[Start of section]
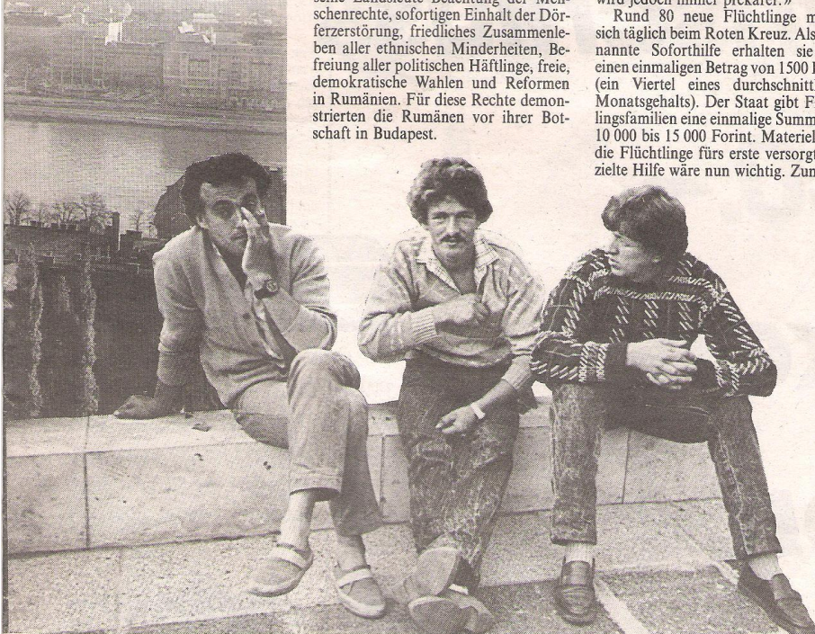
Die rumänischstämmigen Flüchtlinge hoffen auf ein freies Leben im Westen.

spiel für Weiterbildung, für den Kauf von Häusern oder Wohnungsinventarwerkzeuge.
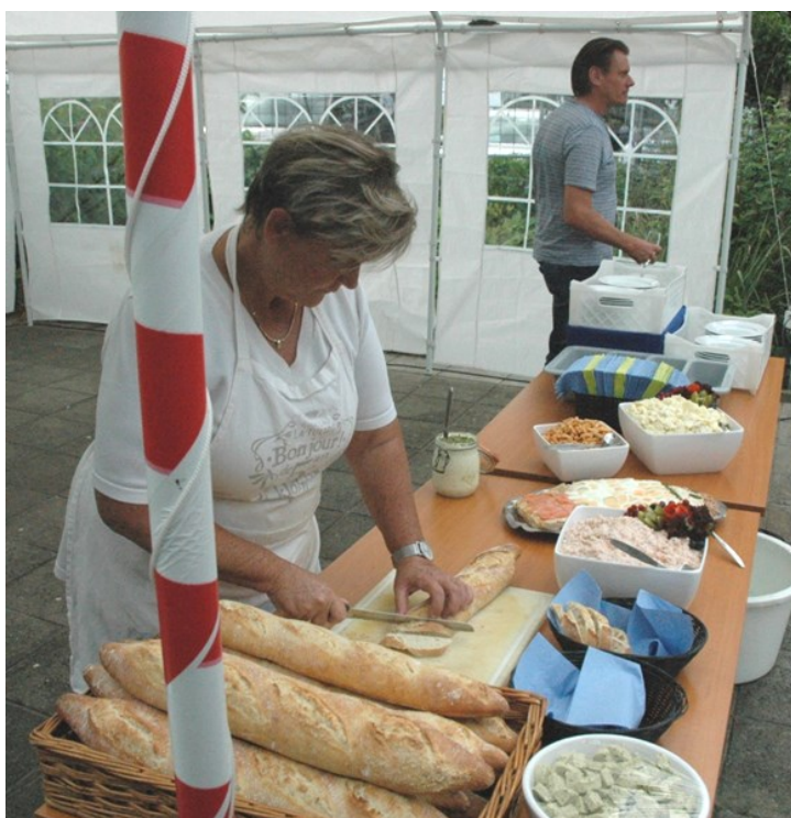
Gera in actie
[End of section]
[Start of section]
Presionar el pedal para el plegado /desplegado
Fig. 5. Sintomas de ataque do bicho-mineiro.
[End of section]
### Problem details
Copy out the range of lines above starting at the line with "Presionar el pedal" and ending at the line with "Fig. 5. Sintomas de ataque do bicho-mineiro.", exactly and including both.

### Exercise result
Presionar el pedal para el plegado /desplegado
Fig. 5. Sintomas de ataque do bicho-mineiro.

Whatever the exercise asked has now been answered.